INFORMATION PROVIDED >>
***
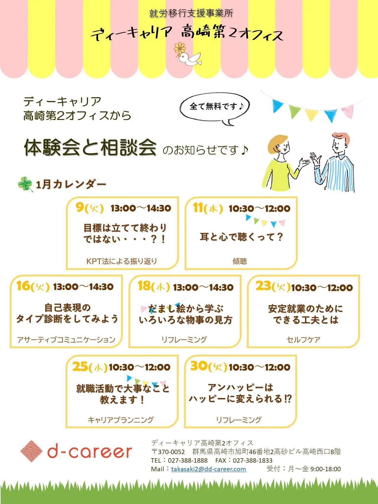 【ディーキャリア高崎第2オフィス】1月9日(火)・11日(木)・16日(火)・18日(木)開催「1月の無料体験会&相談会」
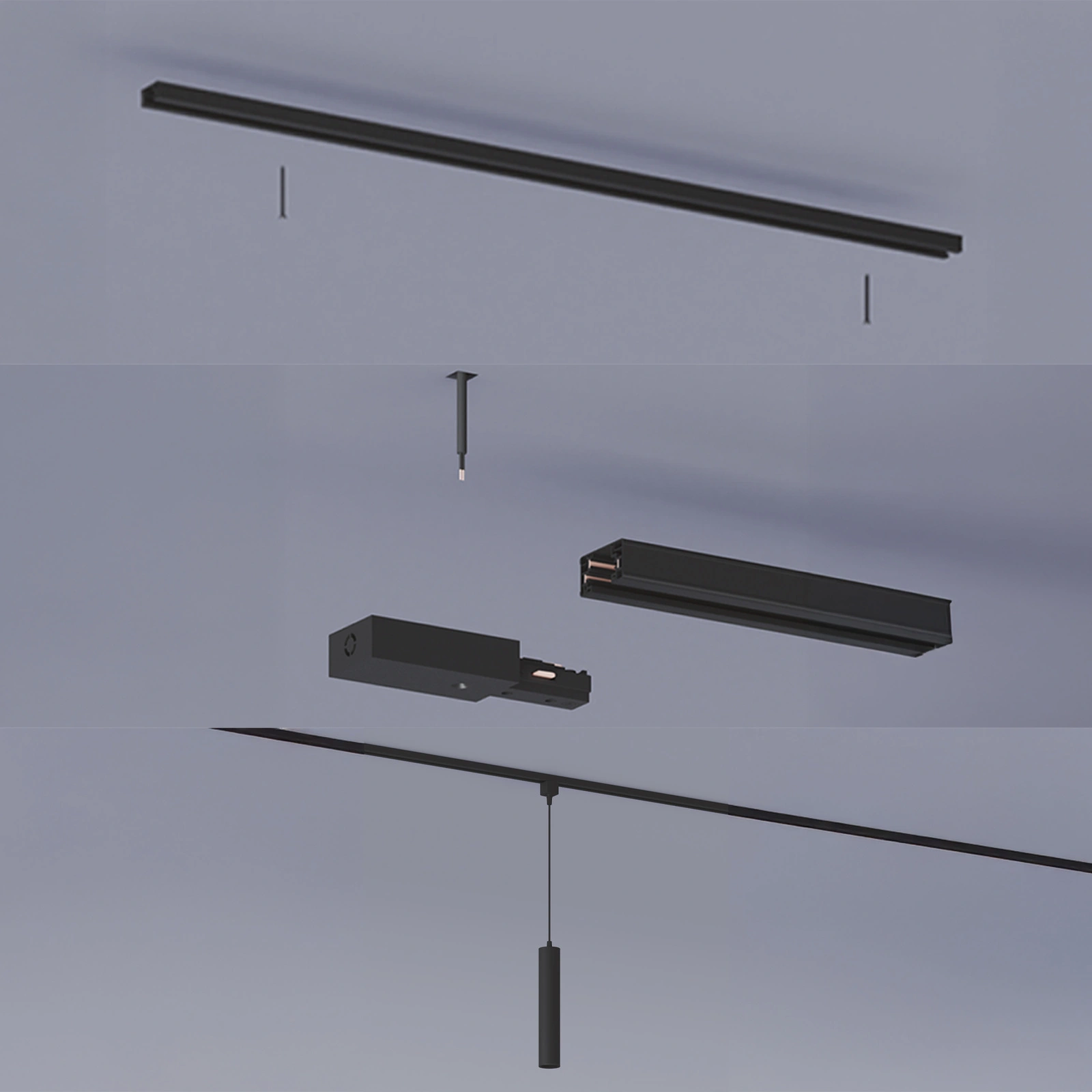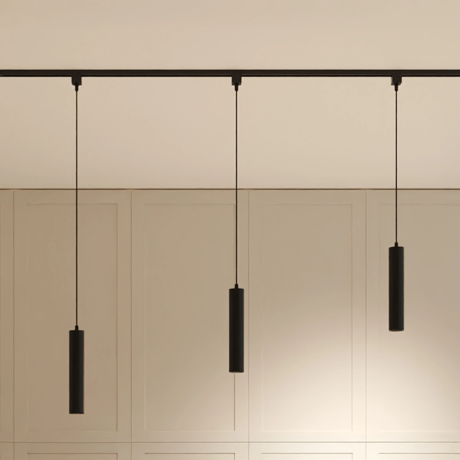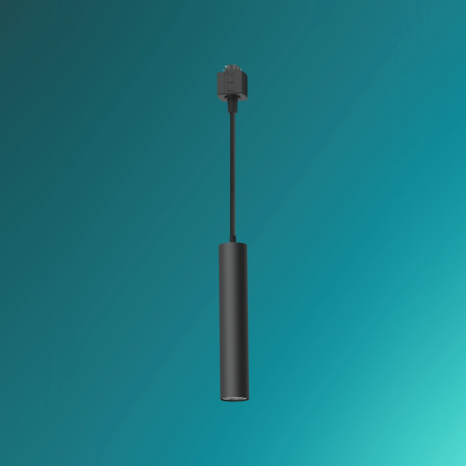 Die robuste Metallkonstruktion und die zylindrische Röhrenform verleihen der Leuchte einen minimalistischen, modernen Look. Durch die Schienenbefestigung lässt sich der Lichtpunkt je nach Raumaufteilung leicht neu positionieren. Die schwarze Farbgebung unterstreicht den eleganten Charakter der Leuchte und fügt sich perfekt in industrielle und moderne Einrichtungen ein.
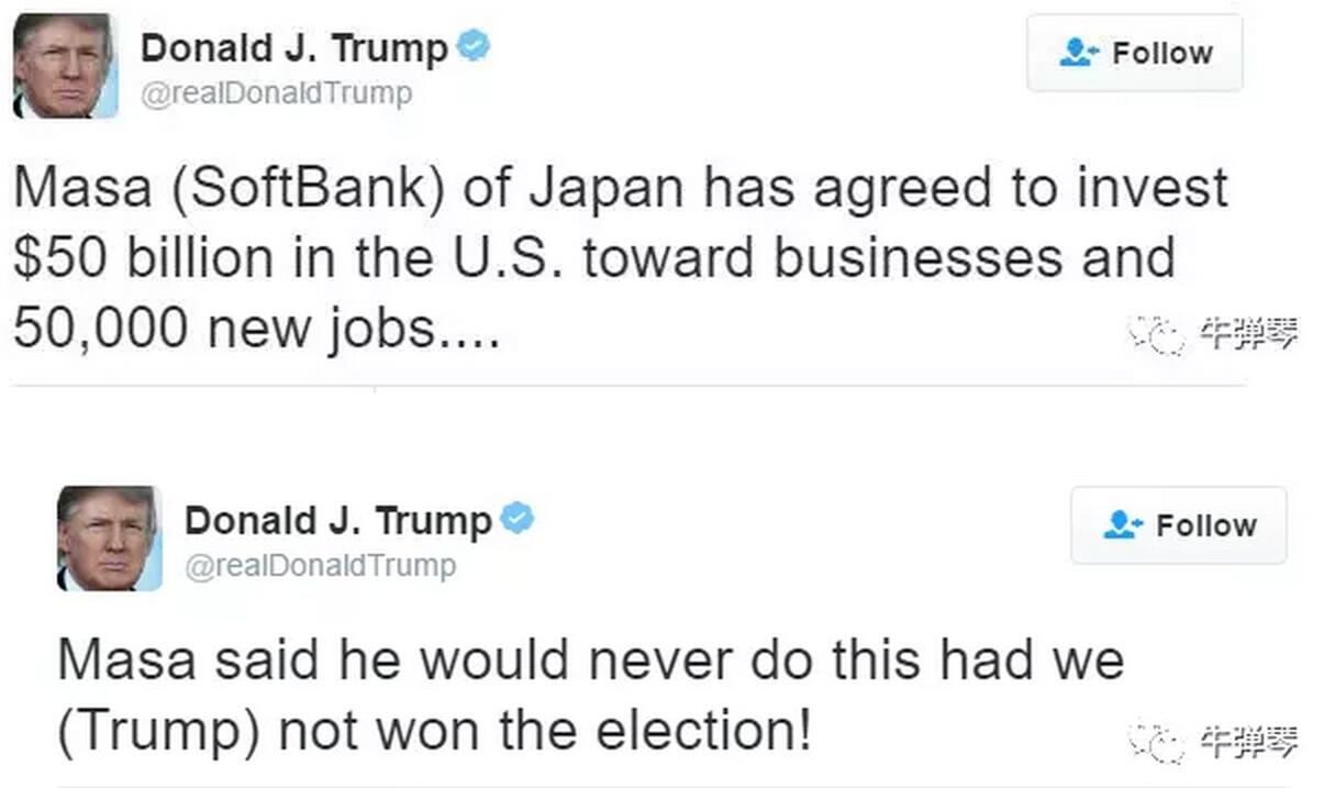孙正义宣布:为了表达对特朗普的支持,在美国投资500亿美元,帮美国创造5万个就业岗位。
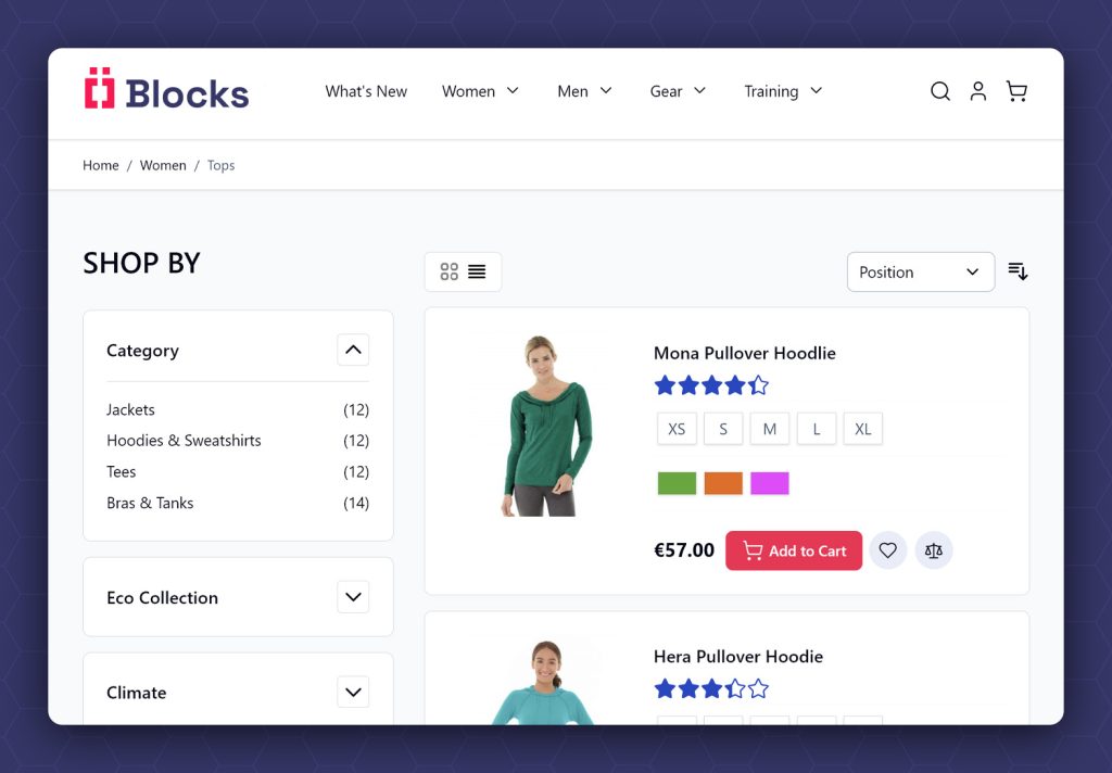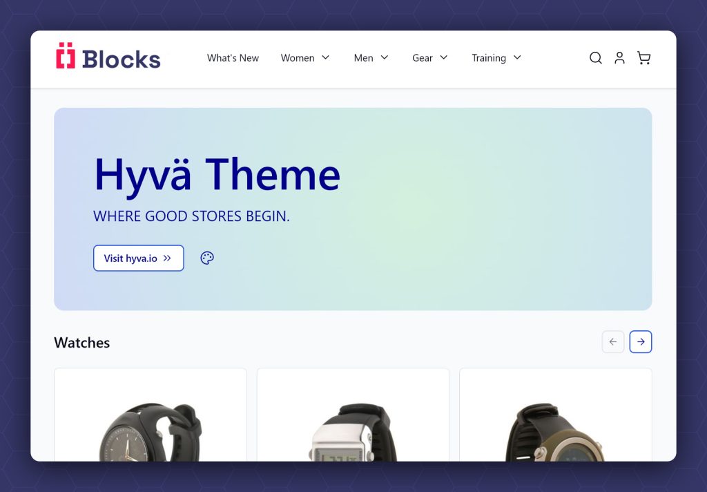 Blocks combineert Magento 2 met het moderne Hyvä frontend framework.
***
YOUR ASSIGNMENT >>
Could you give the listing again exactly as it stands, minus any pictures?

REPLY TO THE TASK >>
 【ディーキャリア高崎第2オフィス】1月9日(火)・11日(木)・16日(火)・18日(木)開催「1月の無料体験会&相談会」
 Die robuste Metallkonstruktion und die zylindrische Röhrenform verleihen der Leuchte einen minimalistischen, modernen Look. Durch die Schienenbefestigung lässt sich der Lichtpunkt je nach Raumaufteilung leicht neu positionieren. Die schwarze Farbgebung unterstreicht den eleganten Charakter der Leuchte und fügt sich perfekt in industrielle und moderne Einrichtungen ein.
孙正义宣布:为了表达对特朗普的支持,在美国投资500亿美元,帮美国创造5万个就业岗位。
 Blocks combineert Magento 2 met het moderne Hyvä frontend framework.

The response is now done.